Do you have stat-prefetch loaded? With stat-prefetch on, self-heal might not be triggered by just doing "ls". Can you do "find | xargs stat" on the mountpoint and then try the ls? Also, are you killing the first server or the second?
No there was no stat-prefetch loaded. And I was doing all the servers down and up. But yes, most of the times it was the first server and most many times this was observed when 1st server of each of the dht subvolumes was brought down. And once we even observed data corruption also. Like doing md5sum on the backend of the 1st server(which was brought down, backend was cleaned and brought up) yielded same value for all the entries in a directory.Running find command while the server was broght down and again brought up says some filesystem error. Will repeat the test once again and post the errors am getting. But the strange thing is everytime I do the test I get a new error(each of the things mentioned were observed in different runs, not in a single run). Will repeat the tests and update again.
Whenever some big directory such as "/usr" is being copied and removed simultaneously and "find" is also being run parallely then server up and down will cause this following to be displayed by the "find" "find: WARNING: Hard link count is wrong for `./usr/doc/HTML/en/kinfocenter' (saw only st_nlink=15 but we already saw 13 subdirectories): this may be a bug in your file system driver. Automatically turning on find's -noleaf option. Earlier results may have failed to include directories that should have been searched."

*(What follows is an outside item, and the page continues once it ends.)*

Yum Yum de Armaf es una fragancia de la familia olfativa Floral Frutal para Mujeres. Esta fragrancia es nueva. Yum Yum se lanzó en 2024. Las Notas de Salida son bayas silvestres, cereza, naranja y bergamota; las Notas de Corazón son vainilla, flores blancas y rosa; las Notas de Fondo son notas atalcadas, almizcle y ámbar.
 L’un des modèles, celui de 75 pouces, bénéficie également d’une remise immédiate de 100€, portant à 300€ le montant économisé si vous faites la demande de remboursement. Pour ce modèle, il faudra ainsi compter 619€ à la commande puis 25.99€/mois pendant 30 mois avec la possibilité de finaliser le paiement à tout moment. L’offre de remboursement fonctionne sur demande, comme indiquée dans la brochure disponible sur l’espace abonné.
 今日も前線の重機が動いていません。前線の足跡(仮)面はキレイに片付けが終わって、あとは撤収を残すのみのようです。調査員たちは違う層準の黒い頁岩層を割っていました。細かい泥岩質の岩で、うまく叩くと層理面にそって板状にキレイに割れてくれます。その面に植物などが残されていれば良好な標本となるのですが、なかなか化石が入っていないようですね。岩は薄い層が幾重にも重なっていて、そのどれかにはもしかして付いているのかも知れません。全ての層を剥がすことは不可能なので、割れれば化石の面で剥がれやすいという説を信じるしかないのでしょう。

Please check with new release..
(In reply to comment #4) > Please check with new release.. Raghu, Can you please test this out again with 3.1.0?

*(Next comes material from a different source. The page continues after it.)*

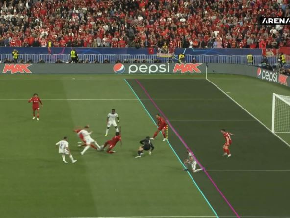 Naime, pre nego što je lopta došla do Benzeme Valverde je uklizao, ona se odbila od Fabinja i Konatea i došla do Karima. Međutim, prema objašnjenju sudije to je ofsajd jer je fudbaleri Liverpula nisu sa namerom vratili već ih je slučajno pogodila.

I think with the first_up subvolume fix this should be closed. But anyways, once Jonhy is back, please check with him if its fixed and close it.
Please update the status of this bug as its been more than 6months since its filed (bug id < 2000) Please resolve it with proper resolution if its not valid anymore. If its still valid and not critical, move it to 'enhancement' severity.
*** This bug has been marked as a duplicate of bug 2684 ***